§ **Work order**
An exact copy of every record below is needed, with all pictures removed.

§ **Supplied records**
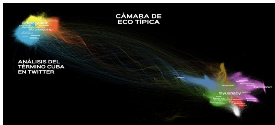
Figura 2. Interacciones sujetos-usuarios de la red formal”

Un 6.46 % de los perfiles encontrados en la investigación no se corresponden con instituciones de Estado, Partido o Gobierno, pero son usuarios institucionales o representan instituciones de la sociedad civil, por ejemplo @AHSCuba o @FEUCLV. El 2.66 % son perfiles institucionales de Centros de Enseñanza Superior como @AlmaCujae o @ISRICuba. El 7.60 % se corresponde con perfil de usuarios de artistas o intelectuales de las ciencias @citaconsilvio o @omartodavia. Un 1.14 % correspondió a empresas o empresarios como @osdegimese institución perteneciente a la Empresa Sideromecánica.
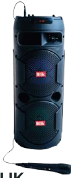
BLIK PARLANTE KARAOKE SCREAMER3
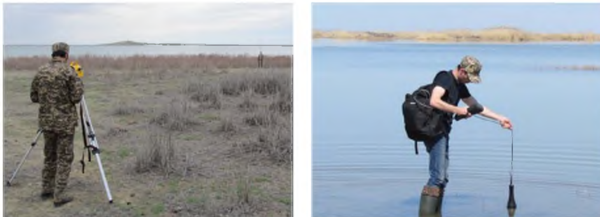
Рисунок 3 – Фотосъемка рабочих моментов исследования водоемов дельты Сырдарии

Полевые мониторинговые исследования были проведены с 20.04 по 03.05.2015 г. (рисунок 3). Пробы воды на гидрохимический анализ отбирались в постоянном месте с четкой привязкой к рабочему реперу нивелирной съемки отметок уровней воды.
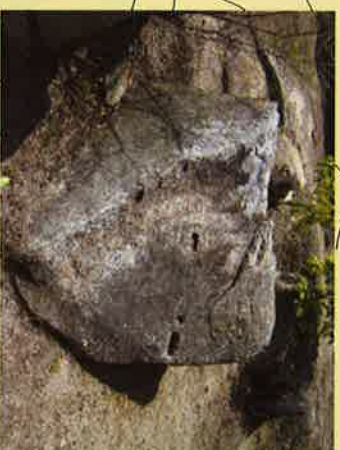
① 新高山は昔から巨石を多く産出していたらしく、山頂の詰の丸には石を切り出す矢穴跡の見える石が多い。
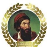
Γρηγ. Δικαίος Παπαφλέσσας
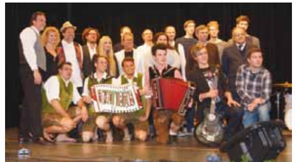
...und viele andere
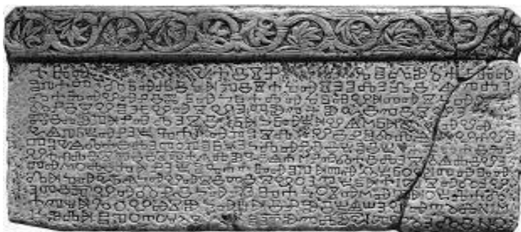
Slika 4. BAŠČANSKA PLOČA 1100 god. 11. st.
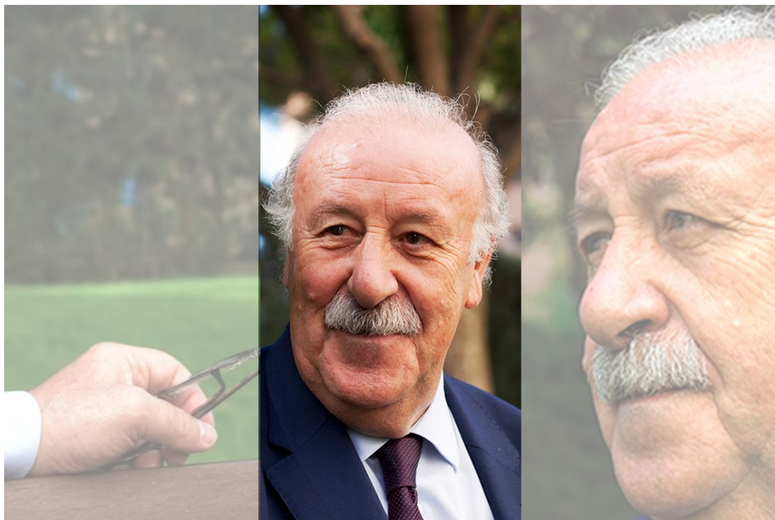
Vicente del Bosque | Alma, la xarxa social social

Les reflexions sobre integració de l'entrenador de futbol i pare d'un noi amb Down
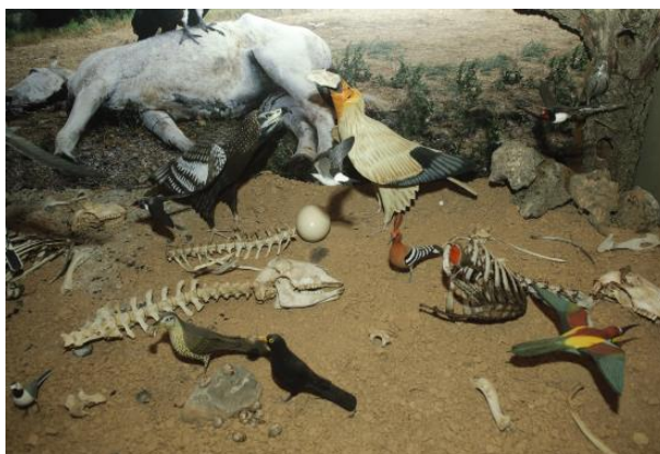
Casa Museo del Buitre

Este muladar es para alimentar a los quebrantahuesos, aunque se ha llegado a observar a los cuatro buitres europeos a la vez (buitre leonado, buitre negro, alimoche y quebrantahuesos)
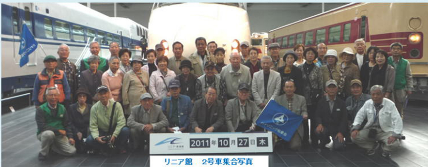
リニア館 2号車集合写真
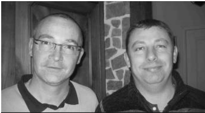
Une bonne ambiance, du respect et des résultats
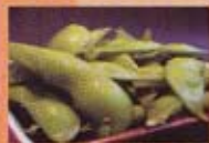
H9 4,00€ Edamane (fève de soja)
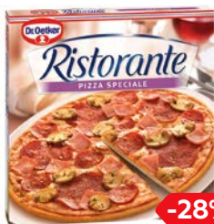
Пицца РИСТОРАНТЕ, специале (Д-р Оеткер), 330 г

* Цена за единицу товара при стандартной покупке 2 отдельных одинаковых товаров
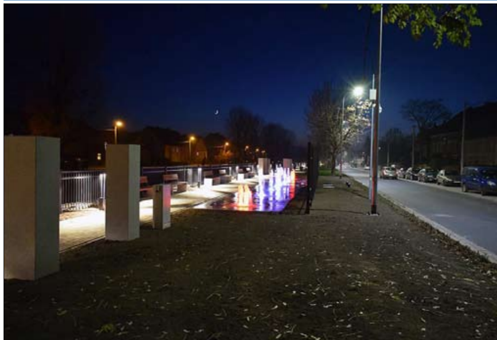
Nowa fontanna na Grabach w Strzegomiu z tryskającą wodą w białoczerwonych barwach
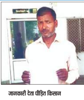
जानकारी देता पीड़ित किसान
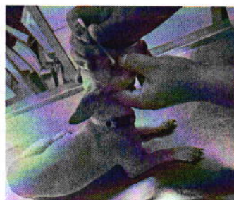
Figura 6. Vista del ejemplar canino "Luz".

En seguimiento de lo anterior, personal de esta Subprocuraduría tuvo comunicación con la persona propietaria del ejemplar canino "Luz" a través de una aplicación de mensajería instantánea para teléfonos inteligentes; al respecto, remitió imágenes fotográficas de la receta médica emitida por el médico veterinario encargado de su revisión, así como del tratamiento recomendado para atender la inflamación ocular que presenta.
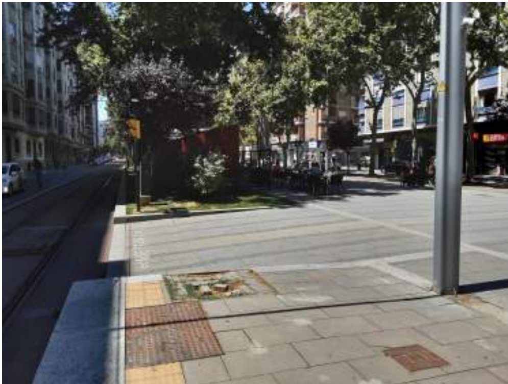
Foto del alcorque matrícula 17_240

Documento firmado digitalmente. Para verificar la validez de la firma acceda a https://www.zaragoza.es/verifica Ayuntamiento de Zaragoza - http://www.zaragoza.es
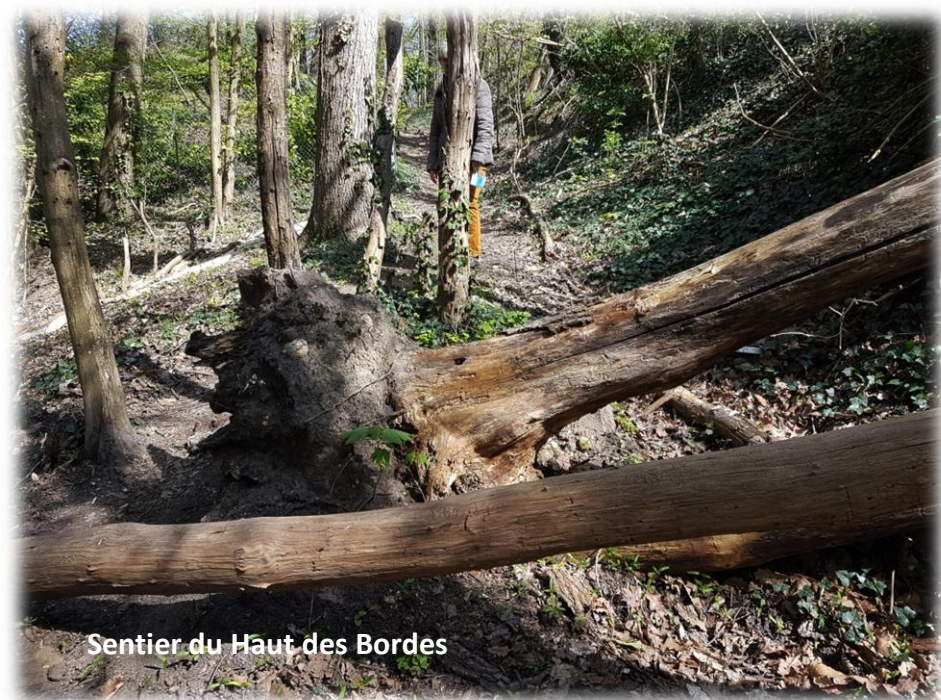
Sentier du Haut des Bordes
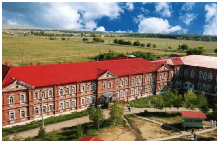
На фото: Женский монастырь в Красном городке близ села Большая Раковка

которого вскоре уже зачернели пашни, синяя лента реки Сок, вплетенная в ромашковые косы пойма – все радовало глаз! А еще в многочисленных озёрах и маленьких речушках водилось много рыбы и особенно раков. Одна речка даже получила название Раковка. Так у Сокского посёлка появилось название - Большая Раковка. В 1769 году в селе была открыта церковь.
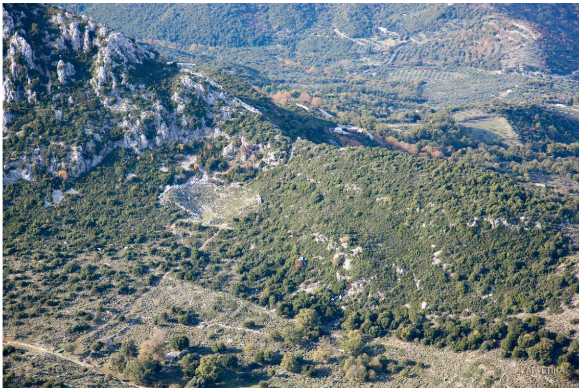
Αεροφωτογραφία του Θεάτρου

Δύο πολυγωνικά αναλήμματα, ενισχυμένα με αντηρίδες στηρίζουν τα δύο άκρα του κοίλου, που χωρίζεται από ενδιάμεσο διάζωμα σε δύο τμήματα με είκοσι τέσσερις (24) σειρές λίθινων εδωλίων κάτω και δώδεκα (12) σειρές επάνω αντίστοιχα.
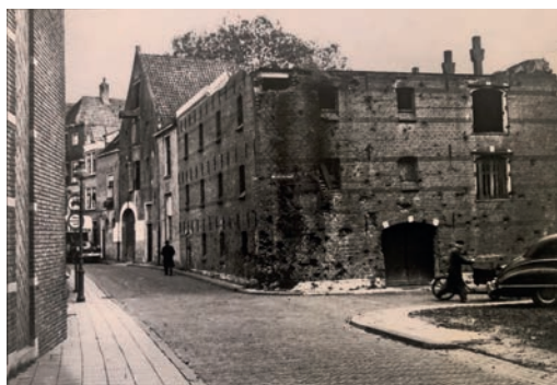
Verwoeste pakhuis hoek Polstraat/Melksterstraat
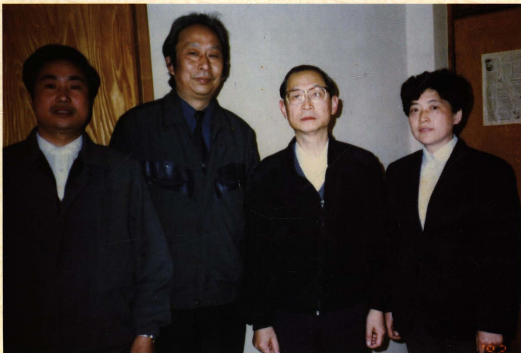
1992年4月15日，卫生部部长陈敏章（左三）与医院领导合影
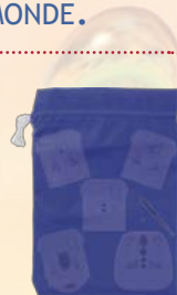
SAC POUR LES ADAPTATEURS
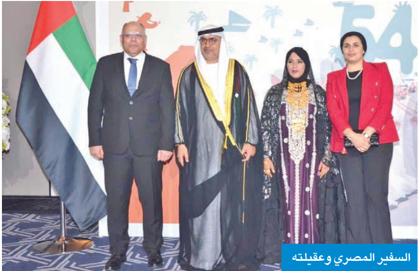
السفير المصري وعقيلته
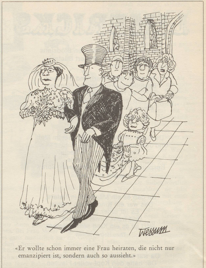
«Er wollte schon immer eine Frau heiraten, die nicht nur emanzipiert ist, sondern auch so aussieht.»

Und deshalb weiss ich, dass unsere Armee für die nächsten 100 Jahre gerettet ist. Unter dem oben beschriebenen Bild hiess es nämlich wörtlich: «Das Armeespiel brachte dem vollzähligen Bundesrat im Bundeshaus ein Ständchen zum hundertjährigen Geburtstag der Schweizer Armee.» Man denke – Welch ein Fest! Ein Geburtstag, der hundert Jahre lang dauert,
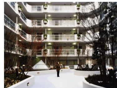
パルテノンリンデン

§ **Answer below**
Figura 2. Interacciones sujetos-usuarios de la red formal”

Un 6.46 % de los perfiles encontrados en la investigación no se corresponden con instituciones de Estado, Partido o Gobierno, pero son usuarios institucionales o representan instituciones de la sociedad civil, por ejemplo @AHSCuba o @FEUCLV. El 2.66 % son perfiles institucionales de Centros de Enseñanza Superior como @AlmaCujae o @ISRICuba. El 7.60 % se corresponde con perfil de usuarios de artistas o intelectuales de las ciencias @citaconsilvio o @omartodavia. Un 1.14 % correspondió a empresas o empresarios como @osdegimese institución perteneciente a la Empresa Sideromecánica.
BLIK PARLANTE KARAOKE SCREAMER3
Рисунок 3 – Фотосъемка рабочих моментов исследования водоемов дельты Сырдарии

Полевые мониторинговые исследования были проведены с 20.04 по 03.05.2015 г. (рисунок 3). Пробы воды на гидрохимический анализ отбирались в постоянном месте с четкой привязкой к рабочему реперу нивелирной съемки отметок уровней воды.
① 新高山は昔から巨石を多く産出していたらしく、山頂の詰の丸には石を切り出す矢穴跡の見える石が多い。
Γρηγ. Δικαίος Παπαφλέσσας
...und viele andere
Slika 4. BAŠČANSKA PLOČA 1100 god. 11. st.
Vicente del Bosque | Alma, la xarxa social social

Les reflexions sobre integració de l'entrenador de futbol i pare d'un noi amb Down
Casa Museo del Buitre

Este muladar es para alimentar a los quebrantahuesos, aunque se ha llegado a observar a los cuatro buitres europeos a la vez (buitre leonado, buitre negro, alimoche y quebrantahuesos)
リニア館 2号車集合写真
Une bonne ambiance, du respect et des résultats
H9 4,00€ Edamane (fève de soja)
Пицца РИСТОРАНТЕ, специале (Д-р Оеткер), 330 г

* Цена за единицу товара при стандартной покупке 2 отдельных одинаковых товаров
Nowa fontanna na Grabach w Strzegomiu z tryskającą wodą w białoczerwonych barwach
जानकारी देता पीड़ित किसान
Figura 6. Vista del ejemplar canino "Luz".

En seguimiento de lo anterior, personal de esta Subprocuraduría tuvo comunicación con la persona propietaria del ejemplar canino "Luz" a través de una aplicación de mensajería instantánea para teléfonos inteligentes; al respecto, remitió imágenes fotográficas de la receta médica emitida por el médico veterinario encargado de su revisión, así como del tratamiento recomendado para atender la inflamación ocular que presenta.
Foto del alcorque matrícula 17_240

Documento firmado digitalmente. Para verificar la validez de la firma acceda a https://www.zaragoza.es/verifica Ayuntamiento de Zaragoza - http://www.zaragoza.es
Sentier du Haut des Bordes
На фото: Женский монастырь в Красном городке близ села Большая Раковка

которого вскоре уже зачернели пашни, синяя лента реки Сок, вплетенная в ромашковые косы пойма – все радовало глаз! А еще в многочисленных озёрах и маленьких речушках водилось много рыбы и особенно раков. Одна речка даже получила название Раковка. Так у Сокского посёлка появилось название - Большая Раковка. В 1769 году в селе была открыта церковь.
Αεροφωτογραφία του Θεάτρου

Δύο πολυγωνικά αναλήμματα, ενισχυμένα με αντηρίδες στηρίζουν τα δύο άκρα του κοίλου, που χωρίζεται από ενδιάμεσο διάζωμα σε δύο τμήματα με είκοσι τέσσερις (24) σειρές λίθινων εδωλίων κάτω και δώδεκα (12) σειρές επάνω αντίστοιχα.
Verwoeste pakhuis hoek Polstraat/Melksterstraat
1992年4月15日，卫生部部长陈敏章（左三）与医院领导合影
SAC POUR LES ADAPTATEURS
السفير المصري وعقيلته
«Er wollte schon immer eine Frau heiraten, die nicht nur emanzipiert ist, sondern auch so aussieht.»

Und deshalb weiss ich, dass unsere Armee für die nächsten 100 Jahre gerettet ist. Unter dem oben beschriebenen Bild hiess es nämlich wörtlich: «Das Armeespiel brachte dem vollzähligen Bundesrat im Bundeshaus ein Ständchen zum hundertjährigen Geburtstag der Schweizer Armee.» Man denke – Welch ein Fest! Ein Geburtstag, der hundert Jahre lang dauert,
パルテノンリンデン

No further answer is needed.